Exercise goal
Could you write out exactly, and only, the lines from the one containing "Table basse carrée" through the last line of the data, leaving out all pictures?

Provided records
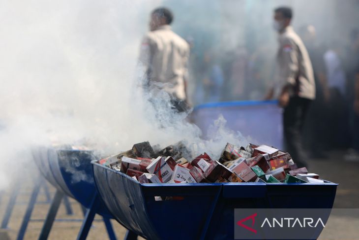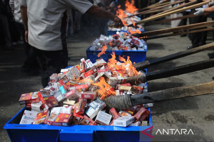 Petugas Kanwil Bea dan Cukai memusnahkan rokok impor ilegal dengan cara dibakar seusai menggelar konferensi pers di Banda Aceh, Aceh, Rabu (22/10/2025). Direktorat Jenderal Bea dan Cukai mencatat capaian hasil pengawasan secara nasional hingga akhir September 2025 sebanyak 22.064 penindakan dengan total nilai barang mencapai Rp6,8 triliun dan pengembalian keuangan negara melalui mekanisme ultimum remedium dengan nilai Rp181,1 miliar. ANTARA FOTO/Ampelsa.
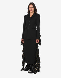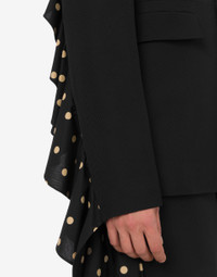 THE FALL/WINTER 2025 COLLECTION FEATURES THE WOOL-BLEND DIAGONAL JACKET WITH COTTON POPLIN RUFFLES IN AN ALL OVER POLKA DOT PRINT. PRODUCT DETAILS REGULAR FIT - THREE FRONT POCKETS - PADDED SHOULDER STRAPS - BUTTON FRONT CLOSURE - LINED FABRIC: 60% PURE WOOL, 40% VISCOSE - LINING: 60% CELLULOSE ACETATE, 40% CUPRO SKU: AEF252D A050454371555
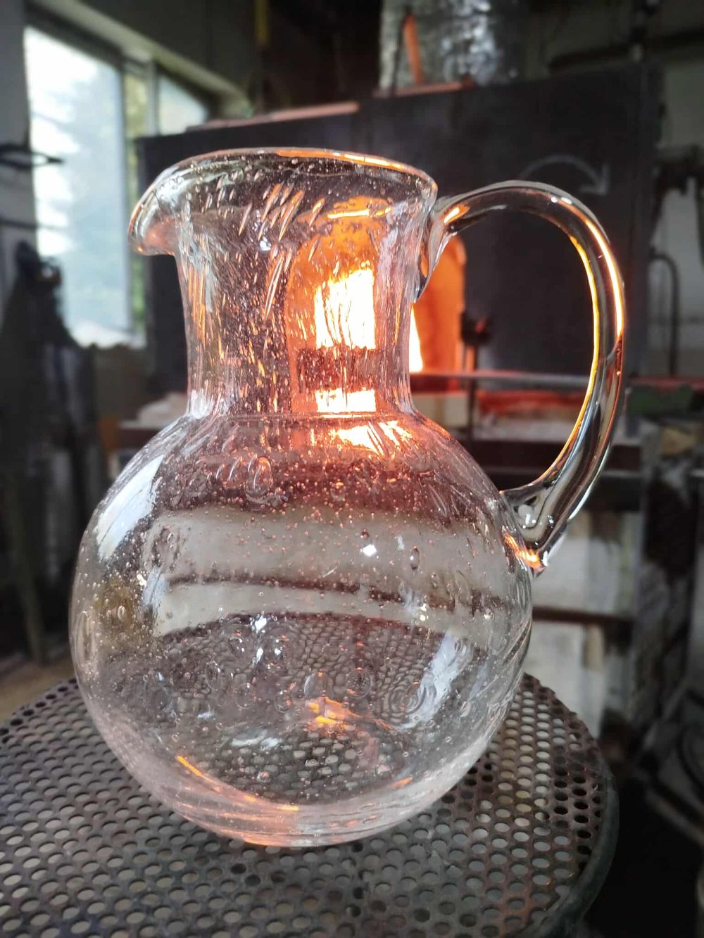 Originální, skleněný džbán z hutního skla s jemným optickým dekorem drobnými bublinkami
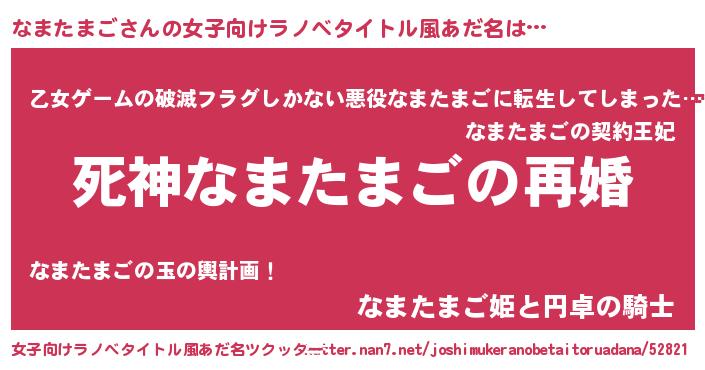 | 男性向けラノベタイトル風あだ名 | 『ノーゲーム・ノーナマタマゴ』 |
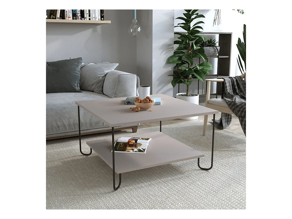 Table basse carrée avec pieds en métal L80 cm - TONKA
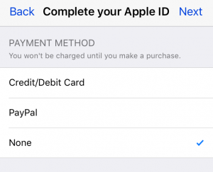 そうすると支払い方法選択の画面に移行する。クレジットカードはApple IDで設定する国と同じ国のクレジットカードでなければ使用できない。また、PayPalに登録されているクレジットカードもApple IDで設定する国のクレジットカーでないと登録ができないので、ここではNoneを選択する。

Answer below
 Table basse carrée avec pieds en métal L80 cm - TONKA
 そうすると支払い方法選択の画面に移行する。クレジットカードはApple IDで設定する国と同じ国のクレジットカードでなければ使用できない。また、PayPalに登録されているクレジットカードもApple IDで設定する国のクレジットカーでないと登録ができないので、ここではNoneを選択する。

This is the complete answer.